Et une mobilité essentiellement tournée vers l’Europe. Au détriment de pays émergents ou de la zone océan Indien.

Bien sûr que les régions – dont celles d’outre-mer – ont une responsabilité dans la formation professionnelle, celle des jeunes, bien sûr.

Mais les régions de France métropolitaine ont les mêmes compétences. Alors, cette précision, apportée en réponse à une  question d’un député réunionnais aurait-il une signification particulière ?


Cela voudrait-il dire que la Région Réunion est en dessous de ce que l’on peut en attendre (dans ce domaine aussi) ?

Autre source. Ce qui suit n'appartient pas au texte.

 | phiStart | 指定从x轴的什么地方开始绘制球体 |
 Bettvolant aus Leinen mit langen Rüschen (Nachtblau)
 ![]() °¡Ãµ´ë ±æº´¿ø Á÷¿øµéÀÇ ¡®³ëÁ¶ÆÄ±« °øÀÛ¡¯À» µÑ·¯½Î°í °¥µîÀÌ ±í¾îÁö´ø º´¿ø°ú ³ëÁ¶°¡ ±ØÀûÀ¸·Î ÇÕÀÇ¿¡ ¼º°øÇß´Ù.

Fort possible. Car en Guadeloupe notamment, la Région a une marge de manœuvre plus importante en matière de formation professionnelle, du fait qu’elle puisse faire des « lois péi », ce qui est impossible pour La Réunion à cause d’un autre UMP Relève nommé Jean-Paul Virapoullé !


« Néanmoins, l’offre globale de formations ne permet pas de couvrir localement l’ensemble des besoins de leur économie et d’assurer à leurs jeunes la qualification nécessaire pour accéder plus facilement à un emploi :

en matière de formation professionnelle en mobilité, les mesures mises en œuvre  par l’État visent à permettre aux jeunes ultramarins de s’insérer de façon durable dans l’emploi, à l’issue d’un parcours de formation qualifiante en métropole, dès lors que cette formation n’est pas dispensée sur place,

soit dans le cadre de stages de formation professionnelle qualifiante, tels qu’ils s’inscrivent sur le lot n° 3 « ultramarins » du marché État/AFPA (Association nationale pour la formation professionnelle des adultes) du 15 juin 2009,

soit dans celui du passeport mobilité formation professionnelle destiné à accompagner les jeunes ultramarins venant suivre en métropole une formation qualifiante, non dispensée sur place ;… »

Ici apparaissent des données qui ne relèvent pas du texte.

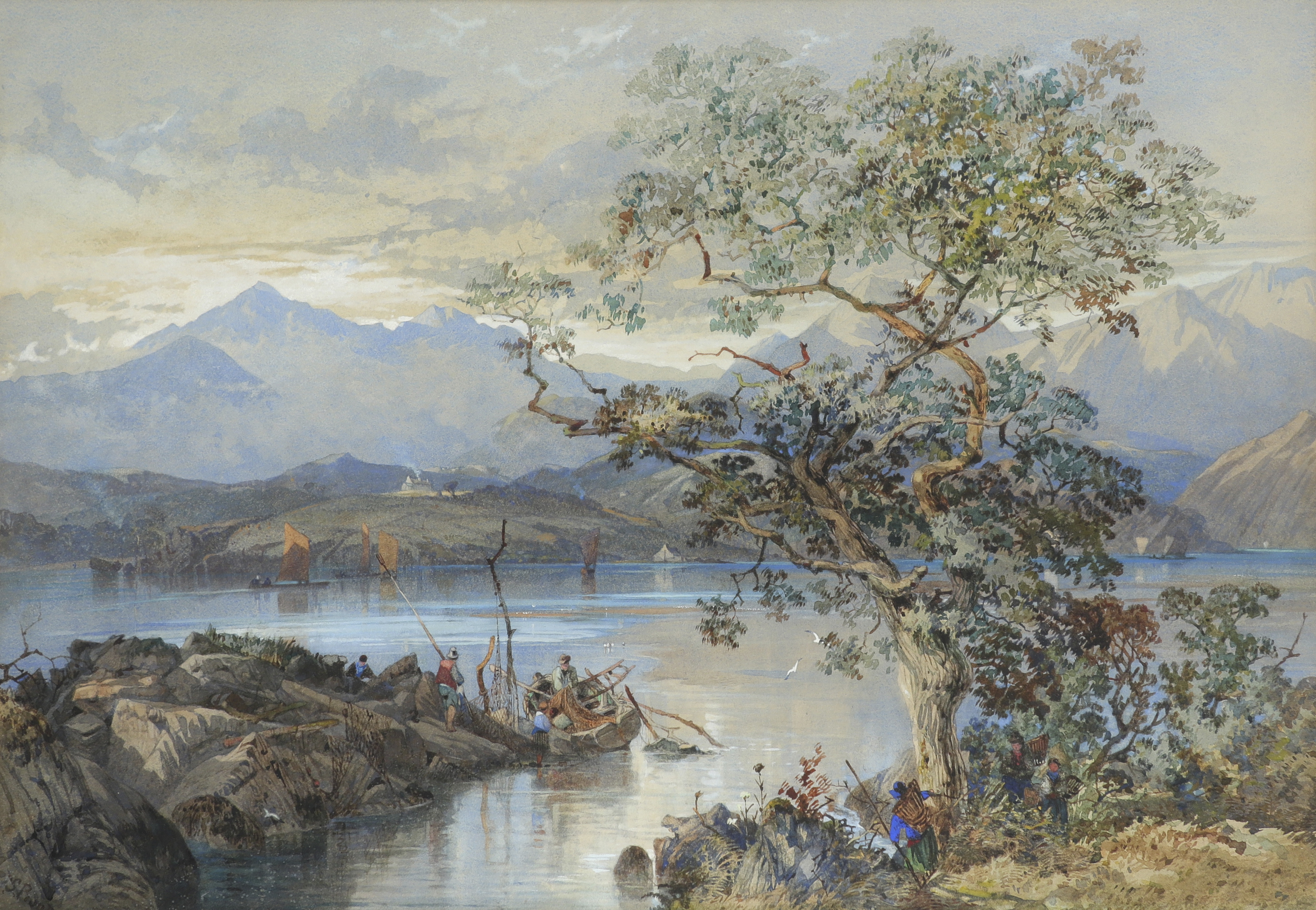 Samuel Prout OWS (1783-1852) Mountainous river landscape with figures tending to fishing nets and...
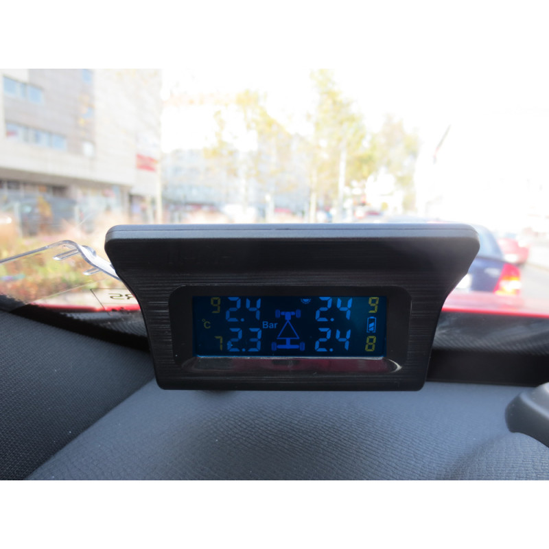 Systém pro kontrolu tlaku a teploty v pneumatikách s displejem a solárním napájením. Čidla jsou určena pro vnější montáž, proto montáž zvládnete svépomocí (pouze se vymění čepička ventilku). Montáž displeje se provádí nalepením magnetického držáku displeje na sklo, následně vložení displeje do držáku.

Commentaires : quel est le bilan de ce « marché de formation » passé en 2009 entre l’Etat et l’AFPA ?

Pourquoi un tel silence à ce sujet ?

Est-ce parce que depuis des années, l’Etat fait des contorsions extraordinaires pour finaliser le bouclage financier l’AFPA ?

Mais le résultat est là : L’AFPA n’a plus les moyens de mettre en œuvre dans de bonnes conditions sa nécessaire mutation et surtout son fonctionnement.


« En matière de formation par l’alternance et la professionnalisation, l’action menée en faveur d’une meilleure insertion professionnelle des jeunes ultramarins se traduit notamment par une action de partenariat avec les organismes paritaires collecteurs agréés (OPCA), destinée à décliner, outre-mer, les mesures ciblées au niveau national en ce domaine.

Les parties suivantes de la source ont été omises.